Pushing for an expansion of marriage is not, however, the only—or best—approach to getting people access to things they want or need but are denied at present because they don’t want to or can’t get married.  Instead of increasing the state’s involvement in folks’ personal lives by extending marriage rights to queers, the libertarian approach would be to oppose the government’s rules and regulations that put up the very barriers that drive people into the marriage trap.  Many employers now offer insurance benefits to unmarried partners or family members, but these benefits are taxed, unlike those for spouses and children, making them unaffordable for many.  Abolishing income taxes, in addition to all its other obvious plusses, would therefore allow more unmarried people to purchase insurance for their loved ones.  Schools and prisons that prohibit people who are not “related” from visiting or participating in the affairs of family members are creatures of the state.  While I yearn for the day when both prisons and schools are eliminated, until then, the rules and regulations of these statist institutions that discriminate against unmarried partners should be eliminated.
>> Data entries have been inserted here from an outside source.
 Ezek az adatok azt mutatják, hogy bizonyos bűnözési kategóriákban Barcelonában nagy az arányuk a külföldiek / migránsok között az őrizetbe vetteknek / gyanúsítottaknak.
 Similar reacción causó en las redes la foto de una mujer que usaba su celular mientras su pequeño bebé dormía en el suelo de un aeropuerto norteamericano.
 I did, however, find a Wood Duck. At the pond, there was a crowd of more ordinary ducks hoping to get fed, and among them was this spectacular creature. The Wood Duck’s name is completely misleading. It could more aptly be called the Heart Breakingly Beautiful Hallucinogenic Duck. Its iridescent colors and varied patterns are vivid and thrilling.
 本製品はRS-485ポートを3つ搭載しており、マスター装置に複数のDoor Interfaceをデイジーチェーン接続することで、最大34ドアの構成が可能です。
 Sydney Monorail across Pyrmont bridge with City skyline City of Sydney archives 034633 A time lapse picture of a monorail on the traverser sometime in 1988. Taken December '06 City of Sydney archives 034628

Going a step beyond this, we should challenge the existence of the legal institution of marriage itself.  Not only is it absurd that people who marry so readily promise to love someone else forever, marriage entails all sorts of legal traps most people do not think about when they enter into it.  Unlike a conventional contract, simply saying “I do” involves the parties in a web of legal commitments to each other and puts them at significant financial liability, without these conditions appearing in any of the documents people sign when getting married.  The rules are contained in the various state laws that regulate marriage, and thus the sexual behavior of individuals.  The state holds people to the terms of a lifelong contract, the provisions of which they never see and seldom understand until they are explained during divorce proceedings.  Marriage supporters need to remember that gay marriage has already created gay divorce, which is no less ugly than straight divorce.

Ain’t Nobody’s Business if I Do (or Don’t)
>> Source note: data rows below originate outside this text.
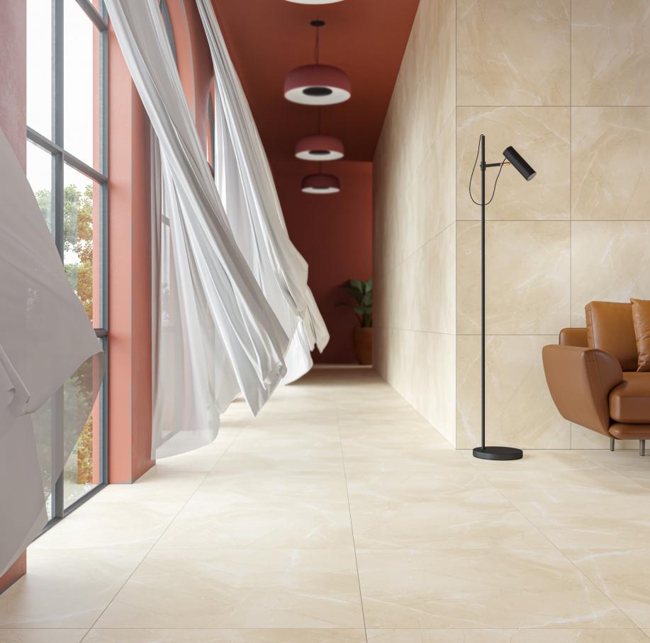 Імітація світлого мармуру кольору шампань підкреслить лаконічність інтер'єру та скоригує його баланс.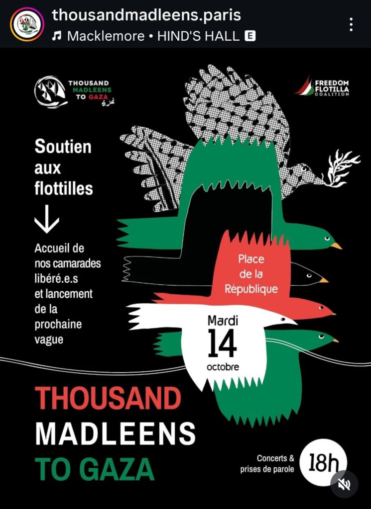 C'est avec Macklemore et Hind's Hall que nous accueillerons à Paris, mardi soir à partir de 18 H, les militants de la Flottille Thousand Madleens.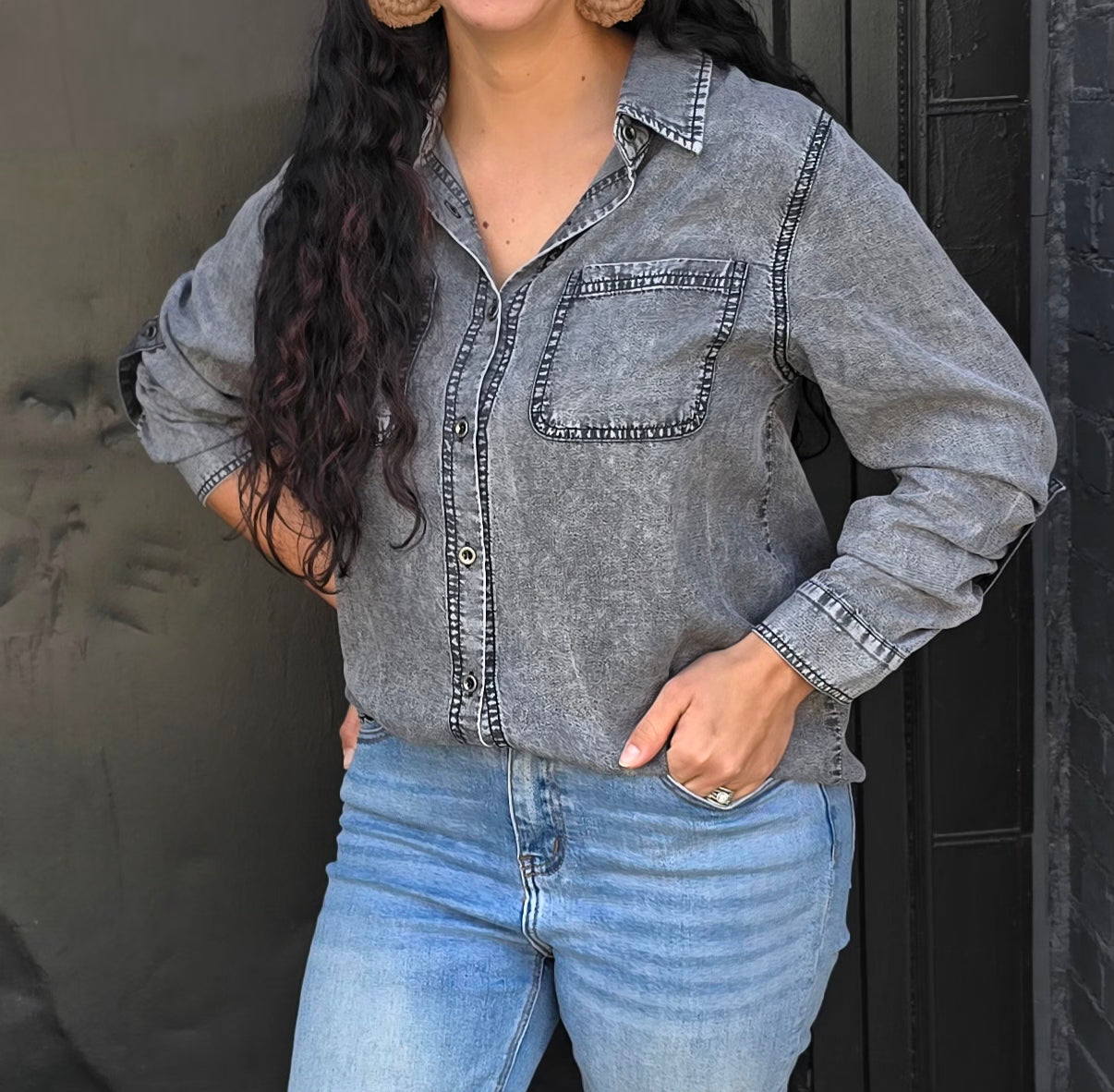 CHAMBARY SHIRTS W POCKETS - Functional Pocket Design: Dual chest pockets with button closures for practical storage - Roll-Tab Sleeves: Adjustable sleeve length with button tabs for secured rolling - Relaxed Fit: Comfortable, loose-fitting silhouette that allows for easy movement - Button Front Closure: Full-length button placket with durable metal buttons STYLE MEASUREMENTS (SIZE SMALL) - TOTAL LENGTH 28 1/2" - BUST 20" - SHOULDER 15 1/2" - SLEEVE LENGTH 24 1/2" 100% TENCEL

      While I believe an anti-statist, anti-marriage approach would lead to more individual freedom than the gay marriage strategy, I recognize that it will be much easier to get gay marriage legalized everywhere in the United States, since it poses no threat to the basic structure or functions of authoritarian society. What I have suggested, instead, fundamentally challenges the state’s right to control our behavior and steal and use our money as it chooses.  Abolishing legal marriage would allow people to couple and uncouple as they see fit and set the terms of their relationships between and among themselves.  Whether opposite-sex, same-sex, couples, triads, or entire gangs of partners, people’s sexual relationships and practices should be their business and that of no one else.  People would be free to call their arrangement marriage if they like, and could even have a religious or secular “authority” figure mumble some nonsense over them to sanctify it.  But without the state to enforce its unilaterally imposed terms on the participants, it would be an entirely different creature.  If people feel the need to agree to a formal contract before they fuck, suck and/or breed, let them.  But it should be left to them and them alone to draw up such an agreement.
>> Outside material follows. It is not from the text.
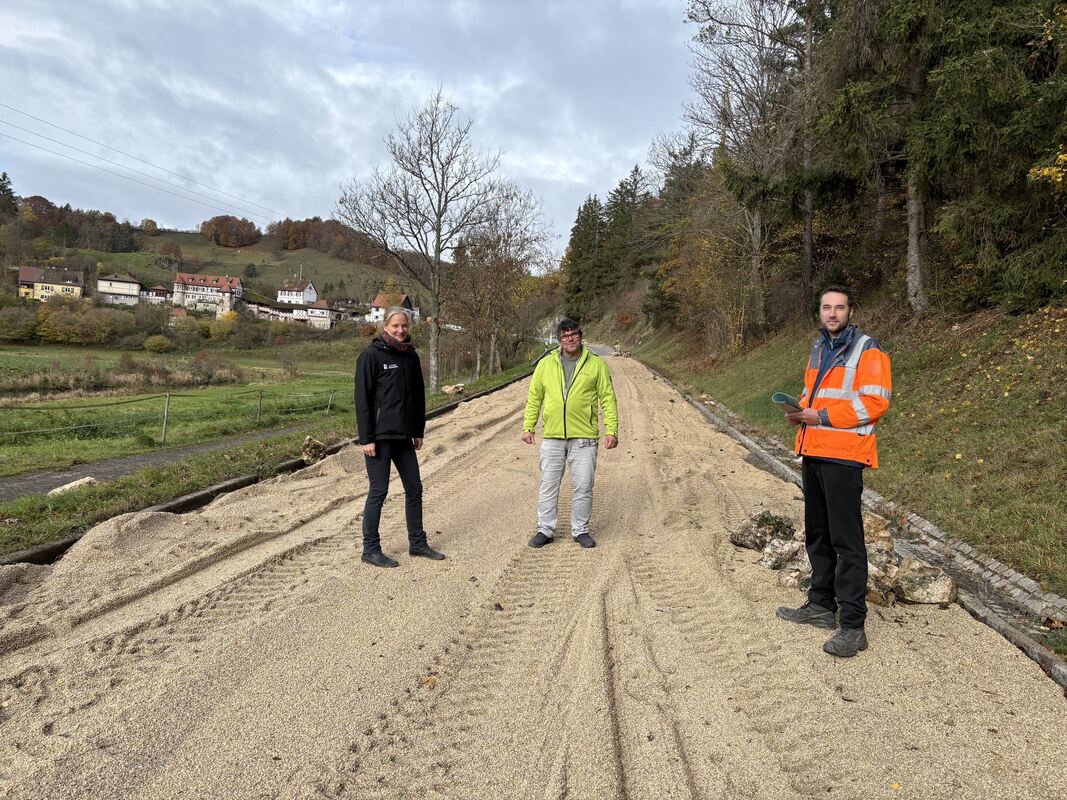 Tobias Halm, Marcus Friedrich und Corinna Himming (von rechts) begutachten die Felsräumungsmaßnahmen in Gundelfingen.

The prospects for a free, anarchist society are not very bright at present, so marriage, for better or for worse, will clearly be around for a long time to come.  While I hold matrimony, holy or otherwise, in complete contempt, allowing same-sex couples to marry is only fair.  After all, why should they be denied the same opportunity to allow the government into their bedroom in exchange for cheaper health insurance and the right to alimony that is available to heteros?  Until folks wise up and realize that the supposed benefits of marriage and other government institutions are not worth the price of surrendering one’s freedom and self-respect, that is the best we can expect.